Almost all of the ones I put together had the same problem, driveshaft in, car on the drive on lift and the center support holes were too far back. I was only about a 1/4" but enough to strain and pop out the rubber over time. I switched a few cars from power glide to th350, from 3spd to th350 and 6cyl to V8 and all were the same length on the front shaft. What i did was to put the support bearing in the middle of the slot before I measured and that would put the yoke in the trans out about 1". The driveline place here likes to see the trans yoke out about 3/4". The '59-'61 (I know for sure) have different frame mounts for 6 or V8, that bolt onto the frame crossmember. One sets the engine back a little more then the other.

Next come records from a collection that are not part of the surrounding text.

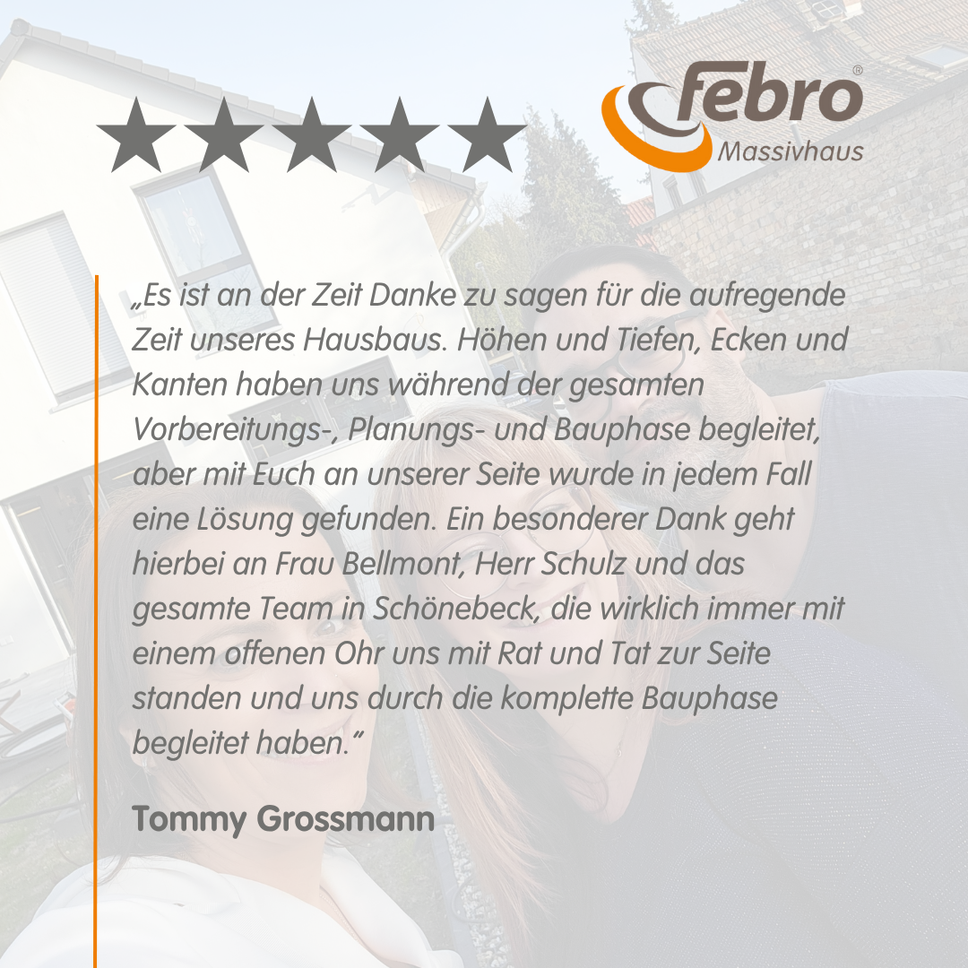 Wir wissen, dass ein Hausbau sowohl besondere Momente als auch Herausforderungen mit sich bringt. Umso mehr freut es uns, dass Sie sich bei uns – insbesondere bei Frau Bellmont, Herrn Schulz und dem Team in Schönebeck – stets gut betreut und unterstützt gefühlt haben.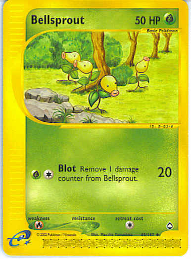 Type | Grass | Pokemon serie | Aquapolis | Stadie | Basic | HP | 50 | Sjældenhed | Uncommon | Tilbagetrækning | 1 | Svaghed | R | Kortnummer | 45 | Evne | [CG] Blot (20) Remove 1 damage counter from Bellsprout, if any.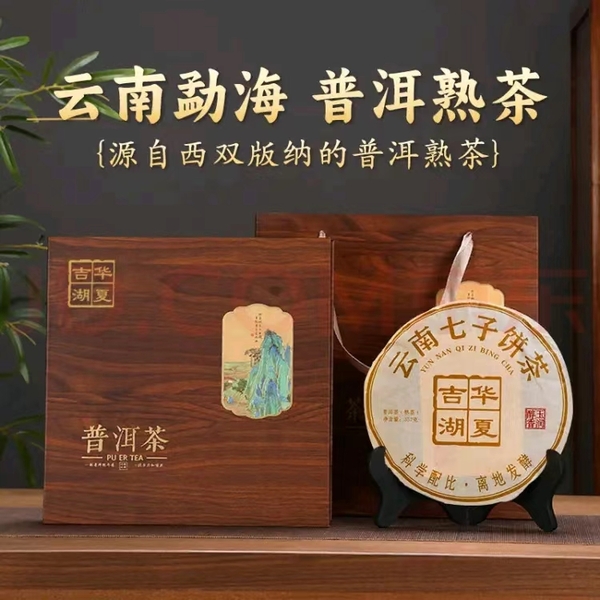 吉华湖夏茶叶礼盒装 普洱茶熟茶盒装357克

Yes there are different lengths for the front driveshaft. It depends on what transmission is used. Here are the overall measurements, according to my "1933 - 1960 Chevrolet Parts and Accessories Catalog" 1959 - 1960 p***enger (exc. P.G. , O.D. , 4 speed) 29 49/64 inches. 1959 - 1960 p***enger w. P.G. 26 53/64 inches. 1959 - 1960 p***enger with O.D. , 4 speed 24 5/8 inches. This is the overall length of the front driveshaft, from end to end, without the front transmission yoke, or the rear intermediate yoke attached. This is shown as type D in the attached photo.
I just got a slip yoke, urethane center support bearing driveshaft back from Advance Driveline in Orlando, $430 including taxes for my 59 El Camino, I'm sick of changing the center support bearings.
Cut the back 14 inches of the X tunnel and wedge it down about 4 inches. Weld a wedge shaped filler in the gaps and use a 3" thick wall one piece drive shaft. I did this couple of years ago and have never had any trouble. New drive shaft was $300. Sold the slider and the aluminum center bearing for more than that.
I like the idea of a one piece shaft but not so keen on cutting the frame. If you had the rear suspension low enough would it be possible to avoid cutting and how low would you need to go?